Exercise brief: Return all the data below as it stands, minus the pictures.

Information shown:

====================

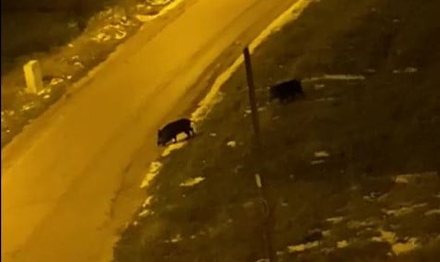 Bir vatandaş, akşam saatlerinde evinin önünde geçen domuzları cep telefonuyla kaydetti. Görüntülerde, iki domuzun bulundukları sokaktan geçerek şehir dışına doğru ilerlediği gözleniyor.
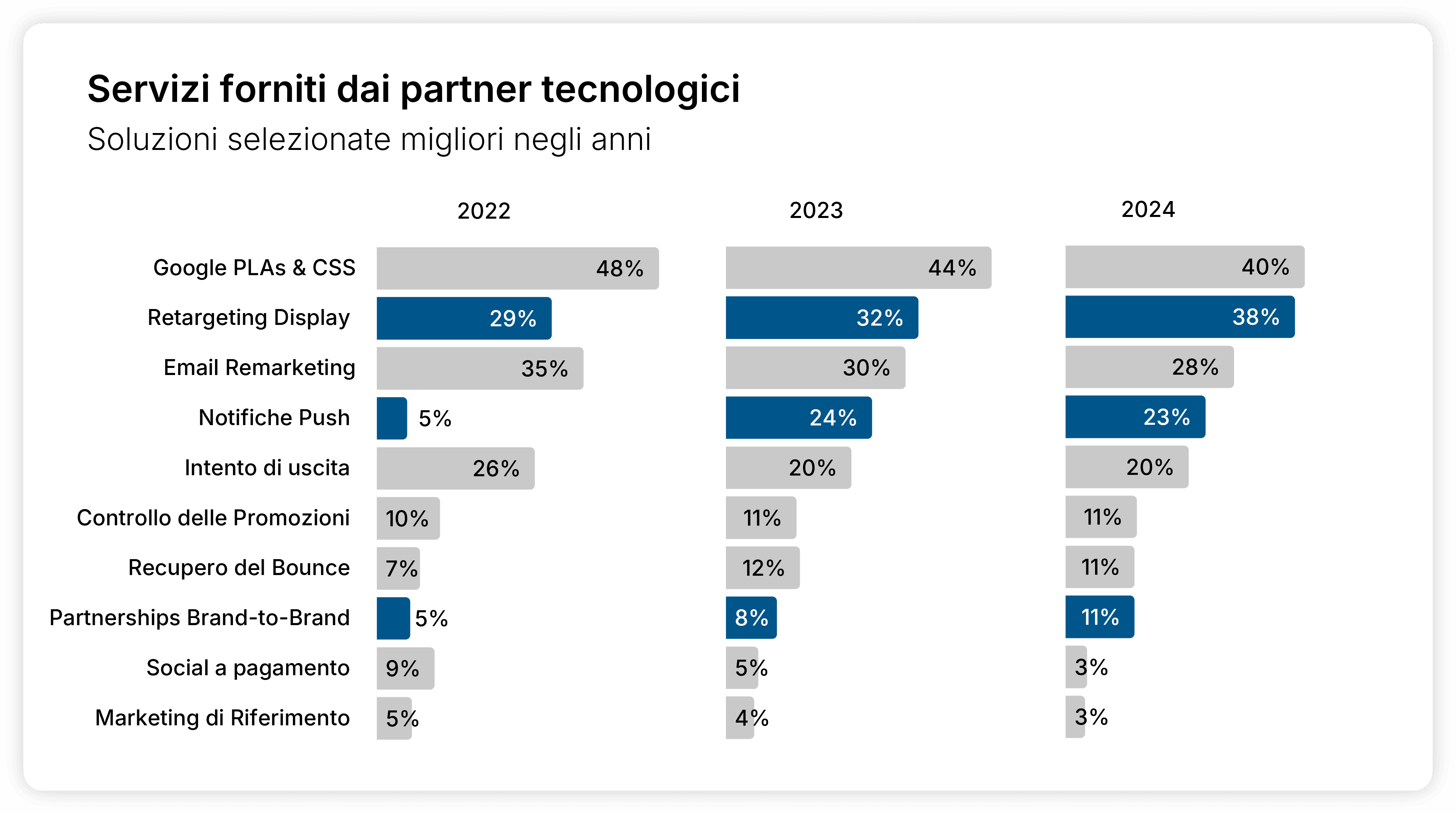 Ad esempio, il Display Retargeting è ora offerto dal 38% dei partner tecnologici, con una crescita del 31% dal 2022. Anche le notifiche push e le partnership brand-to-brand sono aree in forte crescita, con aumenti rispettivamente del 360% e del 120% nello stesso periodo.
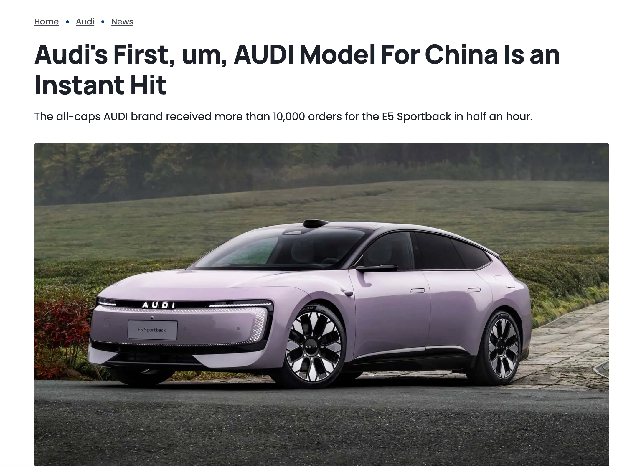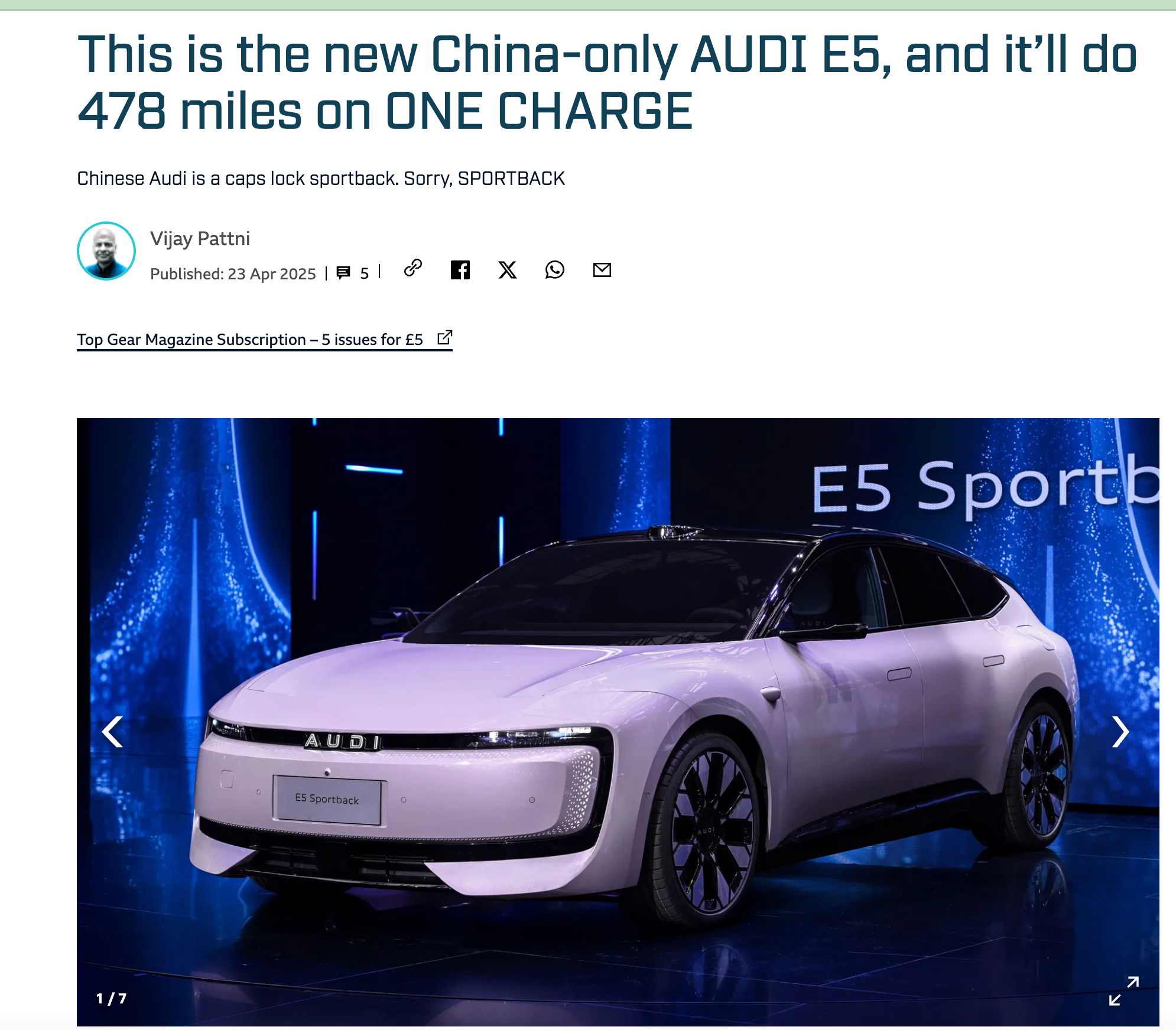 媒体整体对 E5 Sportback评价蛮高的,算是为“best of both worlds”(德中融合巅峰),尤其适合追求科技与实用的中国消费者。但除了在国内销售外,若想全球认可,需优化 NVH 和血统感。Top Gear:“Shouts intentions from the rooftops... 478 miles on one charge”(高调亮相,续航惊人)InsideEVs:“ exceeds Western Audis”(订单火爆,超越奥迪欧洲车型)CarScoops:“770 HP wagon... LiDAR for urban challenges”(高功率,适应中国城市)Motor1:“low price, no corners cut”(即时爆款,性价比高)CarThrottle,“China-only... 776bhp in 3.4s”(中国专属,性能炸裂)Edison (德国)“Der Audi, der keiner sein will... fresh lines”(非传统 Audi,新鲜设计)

====================

Solution for this problem:
 Bir vatandaş, akşam saatlerinde evinin önünde geçen domuzları cep telefonuyla kaydetti. Görüntülerde, iki domuzun bulundukları sokaktan geçerek şehir dışına doğru ilerlediği gözleniyor.
 Ad esempio, il Display Retargeting è ora offerto dal 38% dei partner tecnologici, con una crescita del 31% dal 2022. Anche le notifiche push e le partnership brand-to-brand sono aree in forte crescita, con aumenti rispettivamente del 360% e del 120% nello stesso periodo.
 媒体整体对 E5 Sportback评价蛮高的,算是为“best of both worlds”(德中融合巅峰),尤其适合追求科技与实用的中国消费者。但除了在国内销售外,若想全球认可,需优化 NVH 和血统感。Top Gear:“Shouts intentions from the rooftops... 478 miles on one charge”(高调亮相,续航惊人)InsideEVs:“ exceeds Western Audis”(订单火爆,超越奥迪欧洲车型)CarScoops:“770 HP wagon... LiDAR for urban challenges”(高功率,适应中国城市)Motor1:“low price, no corners cut”(即时爆款,性价比高)CarThrottle,“China-only... 776bhp in 3.4s”(中国专属,性能炸裂)Edison (德国)“Der Audi, der keiner sein will... fresh lines”(非传统 Audi,新鲜设计)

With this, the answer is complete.